Ey Allah’ın Resul’ü garip gönlümün şahı,
Senin yolunda mecnun zikrederim Allah’ı,
Kimi kulum yanılır, sapıtırım dergâhı;
_______Biz Mabuda taparız, yaklaşırız giderek,
_______Secdede mey çekeriz Allah’ı zikrederek.

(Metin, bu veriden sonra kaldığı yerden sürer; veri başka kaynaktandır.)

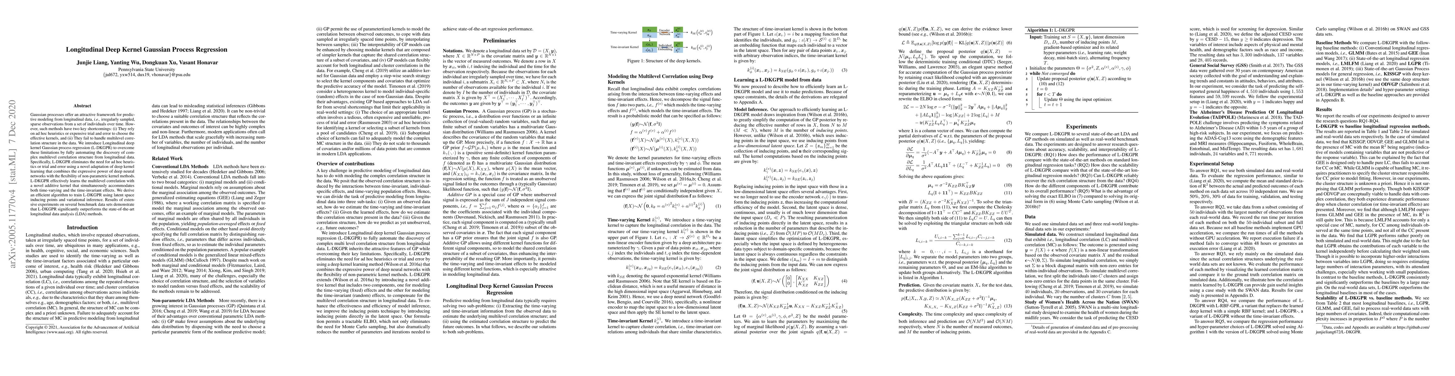 A new method called Longitudinal Deep Kernel Gaussian Process Regression (L-DKGPR) overcomes limitations of existing methods for analyzing longitudinal data, fully automating the discovery of complex correlation structure.

Hakka âşıksan eğer sevdiğin can olmalı,
Elinde tuttuğun mey dolu fincan olmalı,
Allah kuluyum diyen önce insan olmalı;
_______Biz Mabuda taparız, yaklaşırız giderek,
_______Secdede mey çekeriz Allah’ı zikrederek.
(Ahmet İDRİSOĞLU)
TÜRKÜ
Evet Genç Radyonun değerli dinleyicileri. Böylece süremizin sonuna geldik.
Bu programı sizlere hazırlayıp sunan biz üç kafadar; ben Ahmet İDRİSOĞLU, ben Hacer ALİOĞLU, BEN Zeynep SAVAŞ üçlüsü pazartesiye kadar sizleri Allaha emanet ediyor, hayırlı cumalar ve hayırlı hafta sonları diliyoruz efendim.
En kalbi saygılarımızla, şen kalın, esen kalın.
TÜRKÜ
Not:
Bu metin 15. Ekim.2010 Cuma günü saat (10-11) Kastamonu GENÇ RADYODA düzenlediğimiz sabah programını yayın akışıdır.